━━ RECORD SET

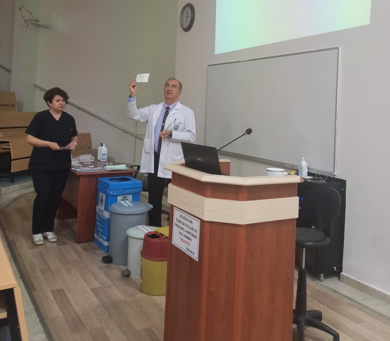 Fakültemizde Enfeksiyon Kontrol Komisyon Başkanı Prof. Dr. Onur Ural tarafından intörn doktorlara 17 Mayıs 2023 tarihinde Dönem 3 amfisinde enfeksiyon kontrol yöntemleri anlatıldı.
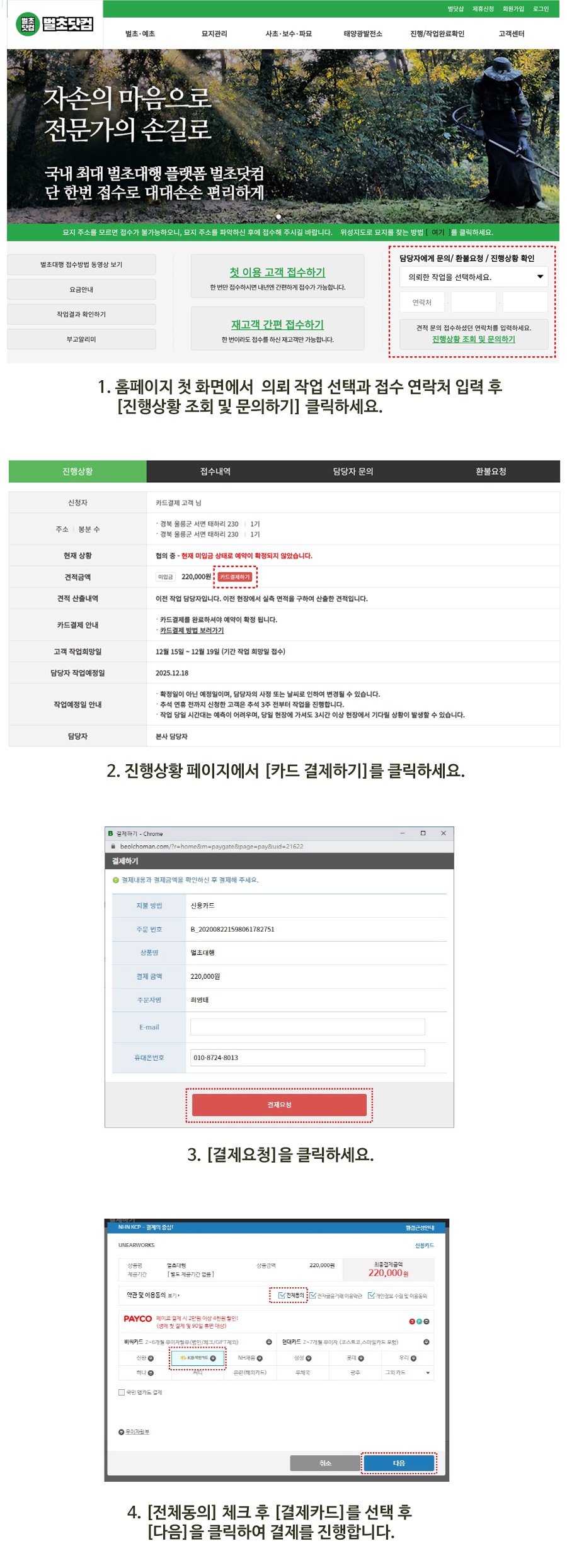 고객님이 지점 담당자와 견적을 확정 후 입금을 하지 않아 벌초일정에 큰 차질을 빚는 경우가 많습니다.
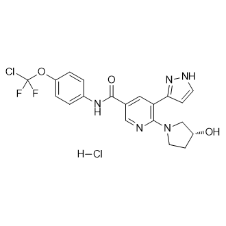 Asciminib hydrochloride lacks activity against more than 60 kinases, including SRC, and is similarly inactive against G-protein-coupled receptors, ion channels, nuclear receptors and transporters[1].
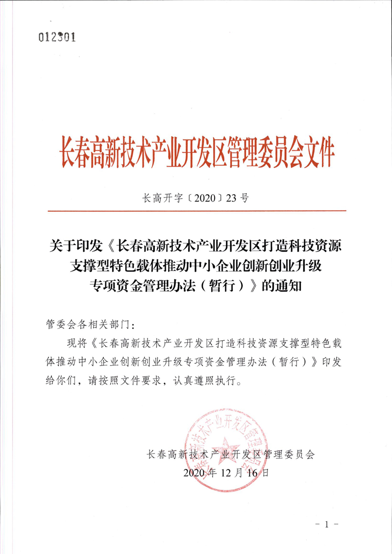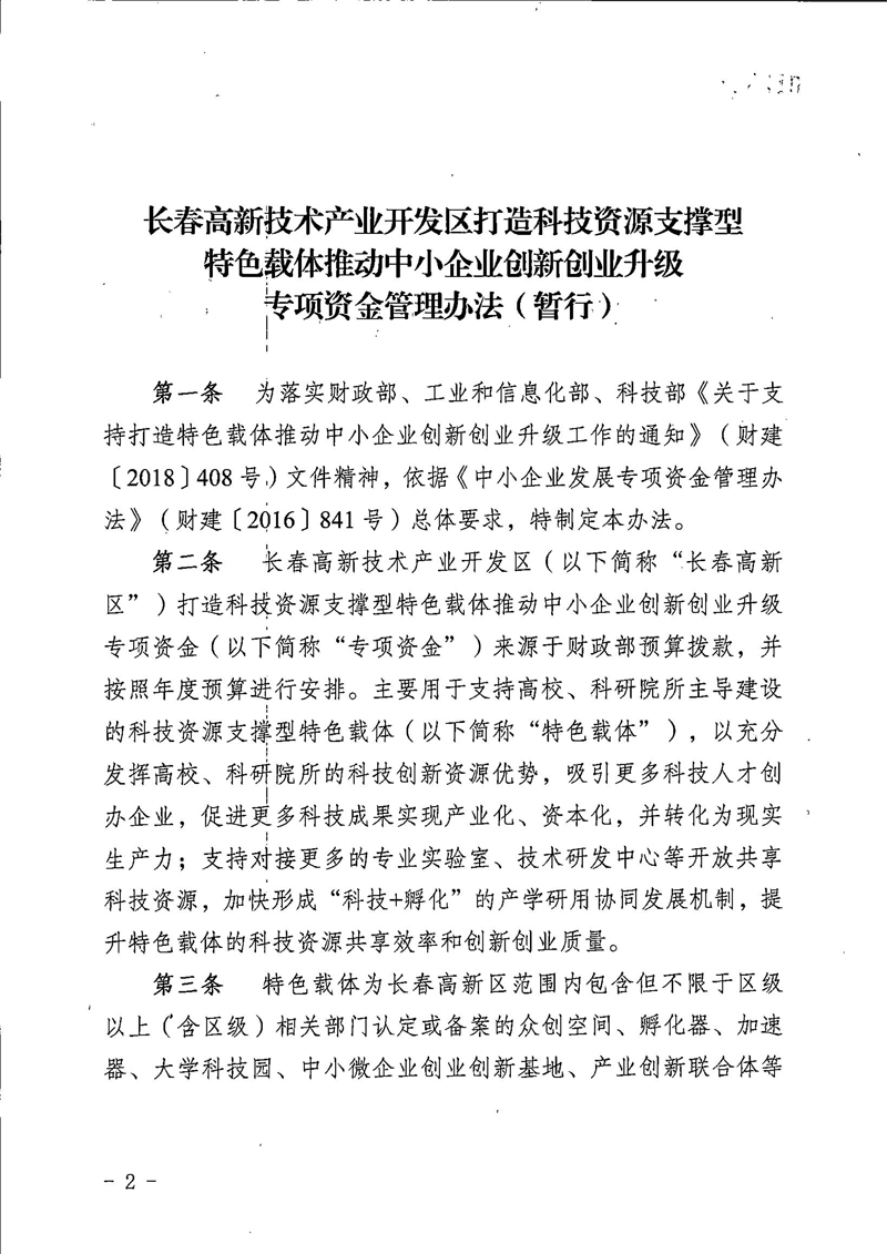 长高开-关于印发《365日博体育备用_365国际网站_365bet正网开户高新技术产业开发区打造科技资源支撑型特色载体推动中小企业创新创业升级专项资金管理办法(暂行)》的通知
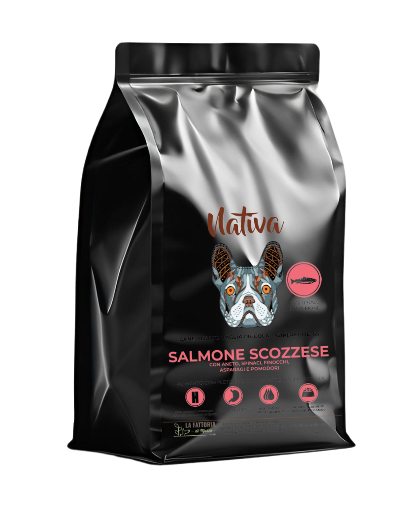 Cane Taglia Piccola - 65% Salmone Scozzese con Aneto, Spinaci, Finocchi, Asparagi e Pomodori
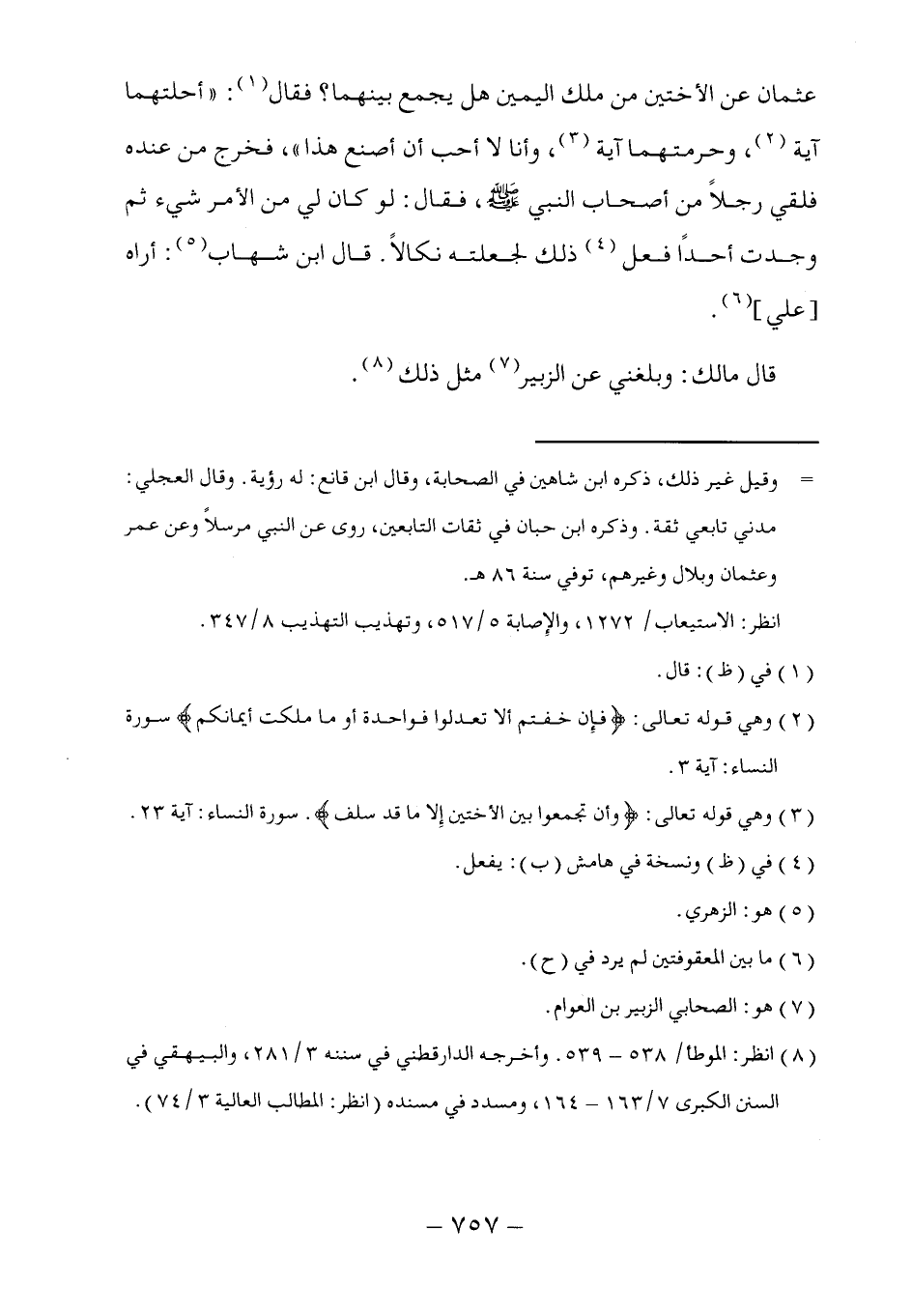 (٨) انظر: الموطأ/ ٥٣٨ - ٥٣٩. وأخرجه الدارقطني في سننه ٣/ ٢٨١، والبيهقي في السنن الكبرى ٧/ ١٦٣ - ١٦٤، ومسدد في مسنده (انظر: المطالب العالية ٣/ ٧٤).
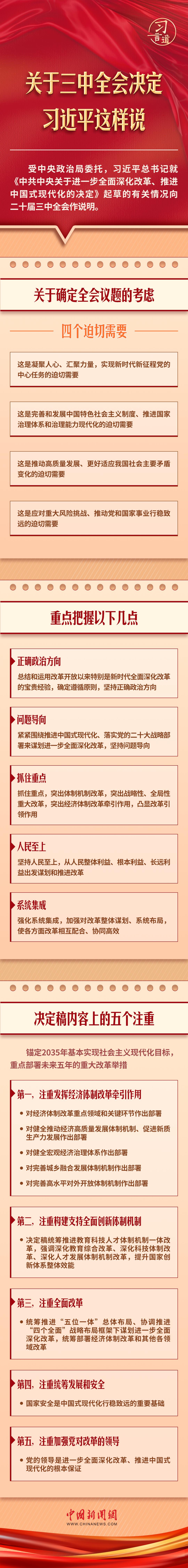 7月21日,二十屆三中全會審議通過的《中共中央關于進一步全面深化改革、推進中國式現代化的決定》和習近平所作的《關于<中共中央關于進一步全面深化改革、推進中國式現代化的決定>的說明》全文播發。

━━━━

> EXERCISE INSTRUCTIONS
Output all the data, exactly, without images.

> SOLUTION FOR THIS PROBLEM
 Fakültemizde Enfeksiyon Kontrol Komisyon Başkanı Prof. Dr. Onur Ural tarafından intörn doktorlara 17 Mayıs 2023 tarihinde Dönem 3 amfisinde enfeksiyon kontrol yöntemleri anlatıldı.
 고객님이 지점 담당자와 견적을 확정 후 입금을 하지 않아 벌초일정에 큰 차질을 빚는 경우가 많습니다.
 Asciminib hydrochloride lacks activity against more than 60 kinases, including SRC, and is similarly inactive against G-protein-coupled receptors, ion channels, nuclear receptors and transporters[1].
 长高开-关于印发《365日博体育备用_365国际网站_365bet正网开户高新技术产业开发区打造科技资源支撑型特色载体推动中小企业创新创业升级专项资金管理办法(暂行)》的通知
 Cane Taglia Piccola - 65% Salmone Scozzese con Aneto, Spinaci, Finocchi, Asparagi e Pomodori
 (٨) انظر: الموطأ/ ٥٣٨ - ٥٣٩. وأخرجه الدارقطني في سننه ٣/ ٢٨١، والبيهقي في السنن الكبرى ٧/ ١٦٣ - ١٦٤، ومسدد في مسنده (انظر: المطالب العالية ٣/ ٧٤).
 7月21日,二十屆三中全會審議通過的《中共中央關于進一步全面深化改革、推進中國式現代化的決定》和習近平所作的《關于<中共中央關于進一步全面深化改革、推進中國式現代化的決定>的說明》全文播發。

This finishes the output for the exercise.